(Assignment)
With images excluded, write out each entry below exactly as given.

Records drawn from a dataset:
>>

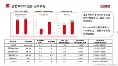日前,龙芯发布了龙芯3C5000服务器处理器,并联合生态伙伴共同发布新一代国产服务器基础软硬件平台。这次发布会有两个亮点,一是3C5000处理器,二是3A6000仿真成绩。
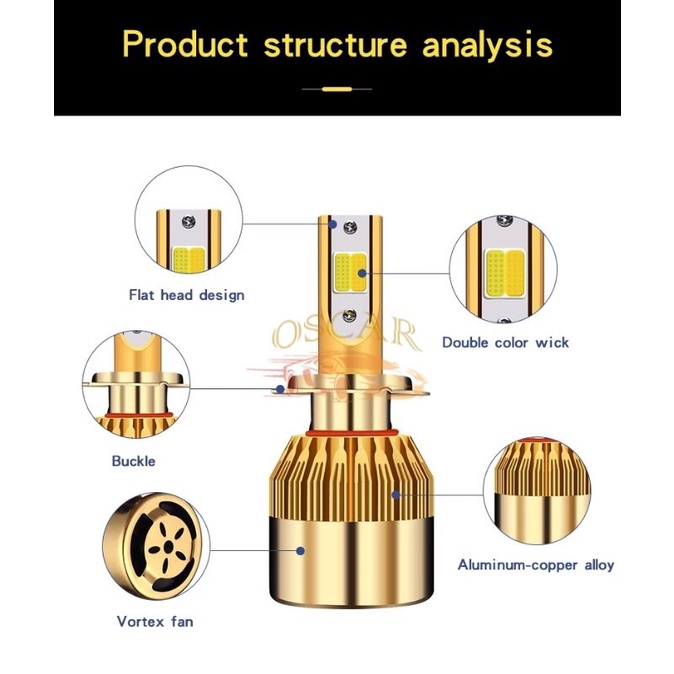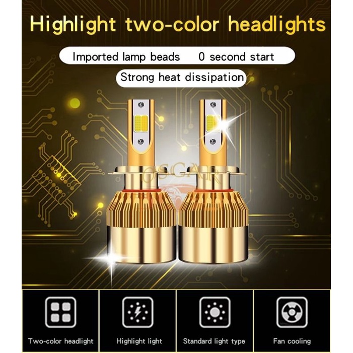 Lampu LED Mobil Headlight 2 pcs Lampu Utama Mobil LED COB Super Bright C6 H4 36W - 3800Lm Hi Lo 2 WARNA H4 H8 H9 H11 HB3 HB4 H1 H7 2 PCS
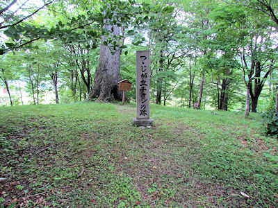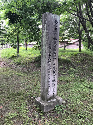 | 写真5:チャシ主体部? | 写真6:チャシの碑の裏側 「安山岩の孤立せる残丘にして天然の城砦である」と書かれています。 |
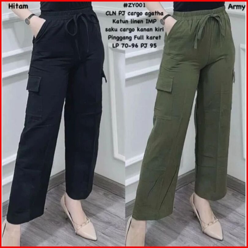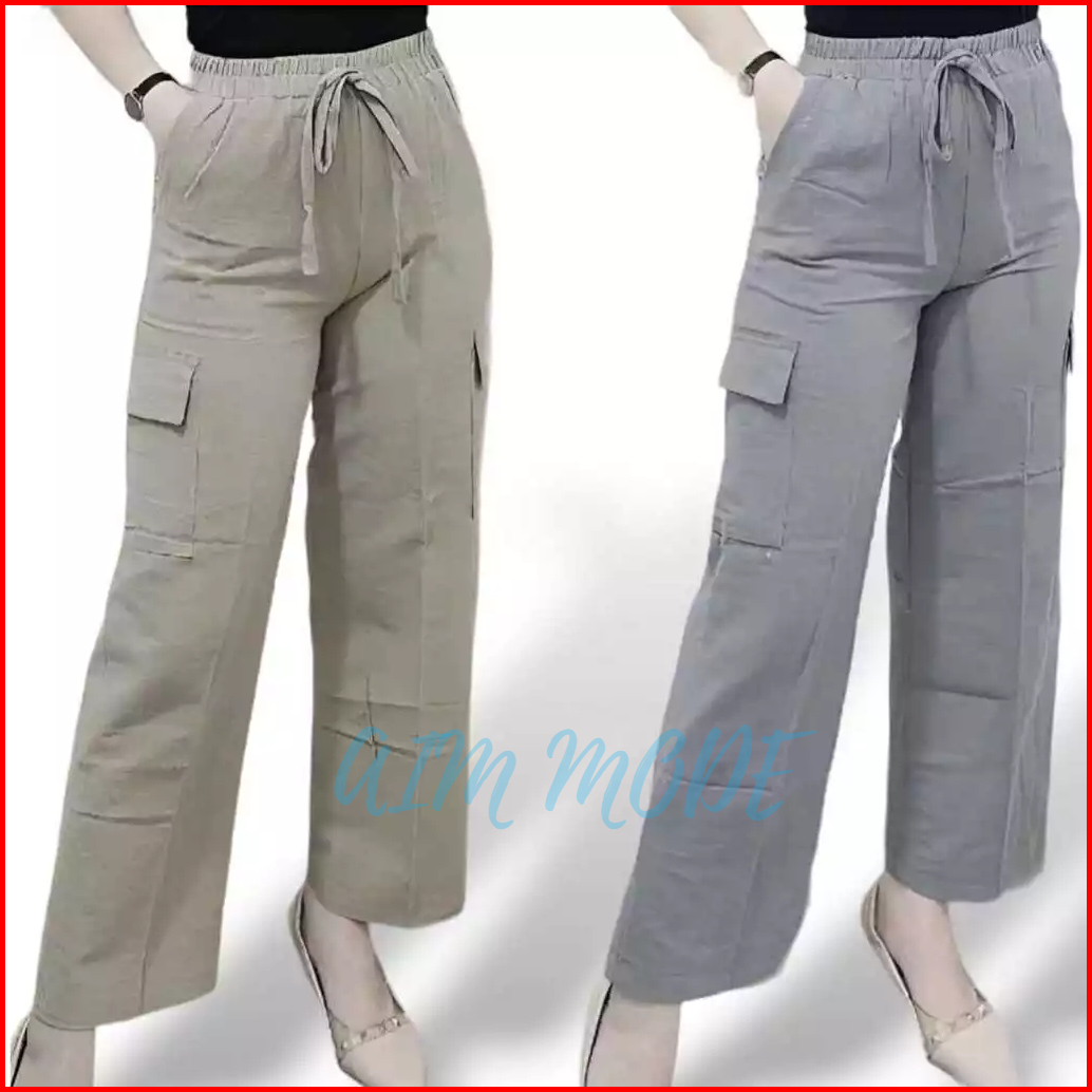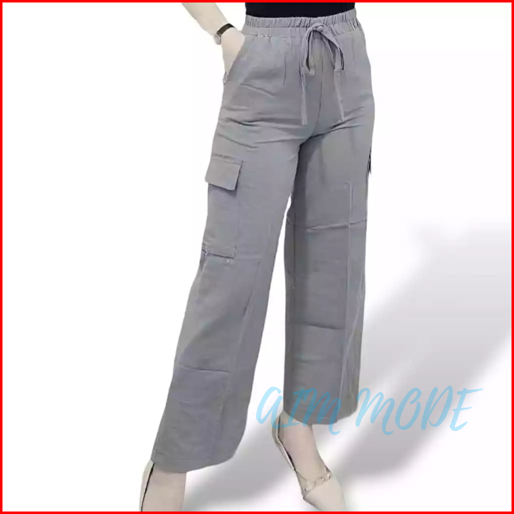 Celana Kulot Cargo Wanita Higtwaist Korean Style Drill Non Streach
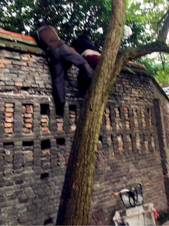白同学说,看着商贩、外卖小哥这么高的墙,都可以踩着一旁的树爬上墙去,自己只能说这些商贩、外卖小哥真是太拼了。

<<

(Task solution)
日前,龙芯发布了龙芯3C5000服务器处理器,并联合生态伙伴共同发布新一代国产服务器基础软硬件平台。这次发布会有两个亮点,一是3C5000处理器,二是3A6000仿真成绩。
 Lampu LED Mobil Headlight 2 pcs Lampu Utama Mobil LED COB Super Bright C6 H4 36W - 3800Lm Hi Lo 2 WARNA H4 H8 H9 H11 HB3 HB4 H1 H7 2 PCS
 | 写真5:チャシ主体部? | 写真6:チャシの碑の裏側 「安山岩の孤立せる残丘にして天然の城砦である」と書かれています。 |
 Celana Kulot Cargo Wanita Higtwaist Korean Style Drill Non Streach
白同学说,看着商贩、外卖小哥这么高的墙,都可以踩着一旁的树爬上墙去,自己只能说这些商贩、外卖小哥真是太拼了。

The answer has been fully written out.